6. The method of claim 5,
Wherein the magnesium compound is selected from the group consisting of dialkoxymagnesium, dihalogenated magnesium, alkylmagnesium halide, alkoxymagnesium halide and aryloxymagnesium halide.
delete delete delete delete delete delete delete A process for producing a polyolefin comprising the step of polymerizing an olefin monomer in the presence of the catalyst composition for polyolefin polymerization according to claim 1.

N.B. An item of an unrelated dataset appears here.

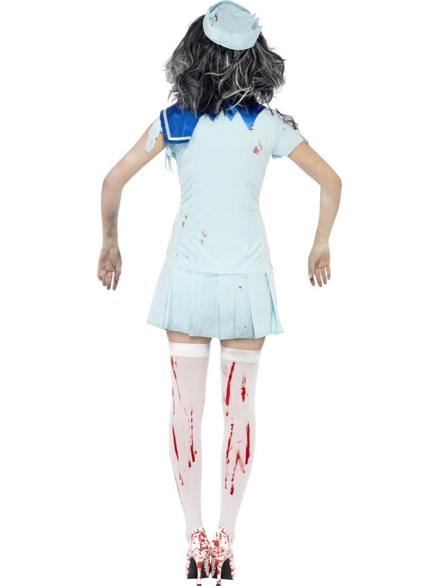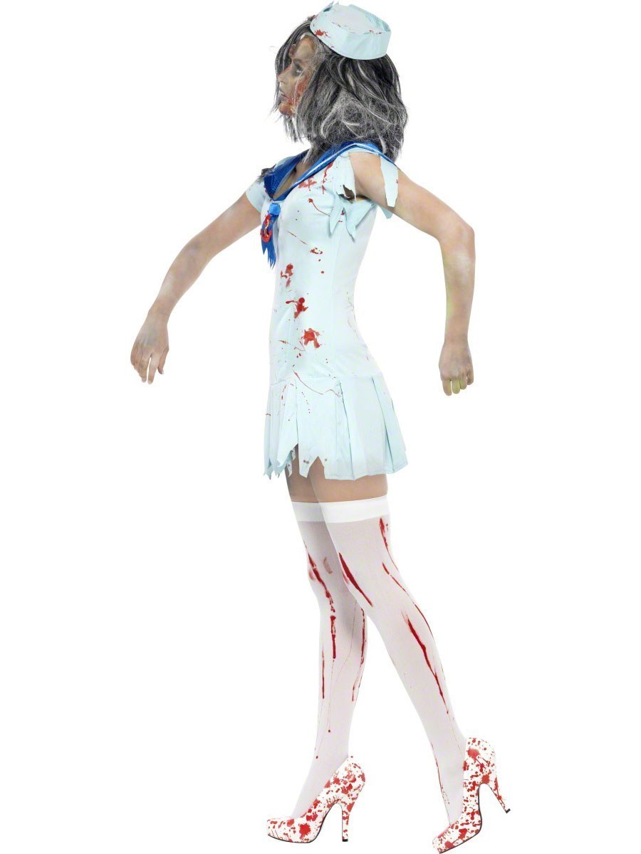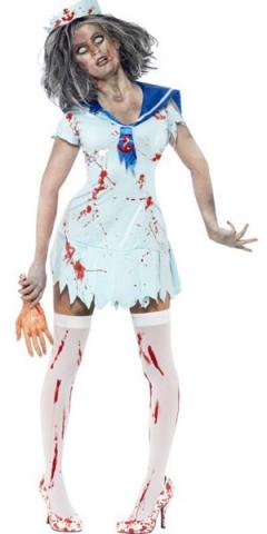 The Zombie Sailor Costume is a short white dress with jagged edging, a blue sailor necktie with red anchor motif and blood stains. To complete the undead sailor look is a matching blood stained sailor hat with anchor motif

15. The method of producing a polyolefin according to claim 14, wherein the step of polymerizing the olefin-based monomer is carried out at a temperature of 25 to 200 DEG C and a pressure of 1 to 50 bar.
15. The method of claim 14,
The olefin-based monomer may be at least one selected from the group consisting of ethylene, propylene, 1-butene, 1-pentene, 4-methyl-1-pentene, , 1-tetradecene, 1-hexadecene, 1-aidocene, norbornene, norbornian, ethylidene norbornene, phenyl novodene, vinyl novodene, dicyclopentadiene, Wherein the polyolefin comprises at least one member selected from the group consisting of pentadiene, 1,6-hexadiene, styrene, alpha-methylstyrene, divinylbenzene and 3-chloromethylstyrene.